South Korea’s Lee wins ruling party primary in scandal-overshadowed presidential race
SEOUL, Oct. 10 (Reuters) – Lee Jae-myung became the presidential candidate for South Korea’s ruling party on Sunday, hoping to overcome a real estate scandal and rally national support as Tory opponents trade spades against anal acupuncture and fortune tellers.
Lee, governor of Gyeonggi province and underdog of the party often critical of incumbent President Moon Jae-in, sealed his primary victory to represent the Democratic Party in the March 9 presidential election. Moon cannot stand for re-election under Korean law.
The leading candidate among a fractured group of mainstream conservative People’s Power, Yoon Seok-youl, has been caught up in his own scandals – including murky ties to an anal acupuncturist – and criticism he is basing on good-tellers. adventure.
“Previously, it was at most one candidate who had experienced such scandals, but the first two are both involved in scandals in this election, which shows that South Korea is regressing politically,” Lee Jun- han, professor of political science at Incheon National University.
Lee got 50.29% of the vote in an 11-round primary that ended on Sunday. His closest rival and initially establishment favorite, former Prime Minister Lee Nak-yon, finished with 39.14%.
His image as an outsider was once seen as a handicap to establishment competitors with closer ties to the outgoing Moon, but Lee rose to prominence with an aggressive response to the pandemic and a populist economic agenda.
Harassed by a scandal involving a residential development plan when he was mayor of Seongnam in 2015, Lee used his acceptance speech to promise progress on political issues, including pushing for a universal basic income and more affordable housing amid skyrocketing house prices.
Next year’s election represents “the ultimate battle against the corrupt establishment,” he said.
Prosecutors and police investigated the Seongnam Project amid controversy over Lee’s links to a former official, who was arrested for corruption related to the deal.
Lee has denied any wrongdoing. His office did not respond to requests for comment.

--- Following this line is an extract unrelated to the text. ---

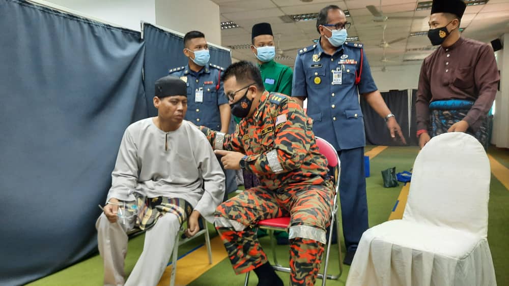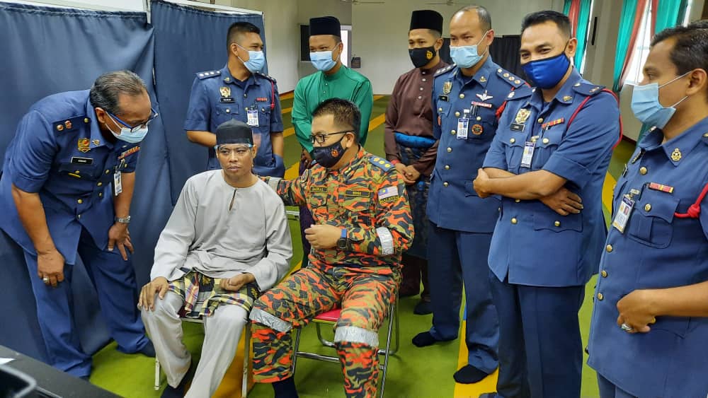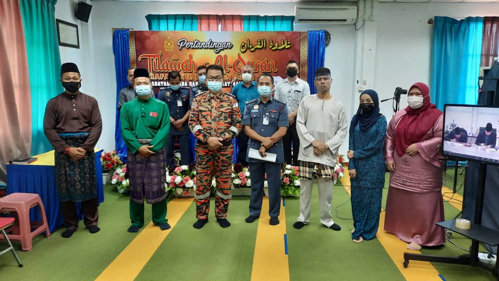 YS PPjB Jainal @ Zainal bin Madasin, Pengarah Jabatan Bomba dan Penyelamat Malaysia Negeri Kelantan, hadir memberi suntikan semangat kepada 3 peserta Pertandingan Tilawah Al-Quran, Hafazan dan Laungan Azan secara atas talian yang diadakan di Surau Ibu Pejabat JBPM Negeri Kelantan pada Selasa( 20 April 2021). YS Pengarah juga turut mengucapkan terima kasih kepada jawatankuasa kerja yang mengurus persiapan pertandingan itu. Hadir sama adalah PgKB I Anwar bin Abu Bakar, Timbalan Pengarah, Pegawai Kanan Jabatan serta anggota yang turut memberi sokongan kepada peserta.

Housing scandals are a particularly sensitive issue for voters in South Korea, where house prices have soared beyond the reach of many. Lee’s party has been damaged by allegations of real estate speculation.
On the other hand, Tory Yoon – a former attorney general who joined the opposition after rising to prominence in a political fight with President Moon – was coerced in a televised debate last week to distance himself from an unlicensed anal acupuncturist.
Yoon denied knowing the acupuncturist and said he “rarely” meets fortune tellers or shamans, who practice an ethnic Korean animist religion that dates back to prehistoric times and is widely consulted in South Korea.
The Yonhap News Agency said prosecutors were investigating a political interference scandal possibly involving Yoon. He cited him as calling the allegations a “political plot” to derail his candidacy.
Yoon denied any wrongdoing while he was a prosecutor. His campaign did not respond to requests for comment from Reuters.
His rival in the PPP primary, Hong Joon-pyo, on Saturday called a possible clash between Lee and Yoon a “criminal election.”
A combined poll of four voting services last week found Lee leading Yoon 44% to 33% in a hypothetical two-way race.
Conservatives made gains in local elections in April as the Democratic Party was mired in scandals, but wrangling in the primaries over things like shamanism threatens their chances of capitalizing in regular elections, Yang Seung-ham said. , longtime political analyst.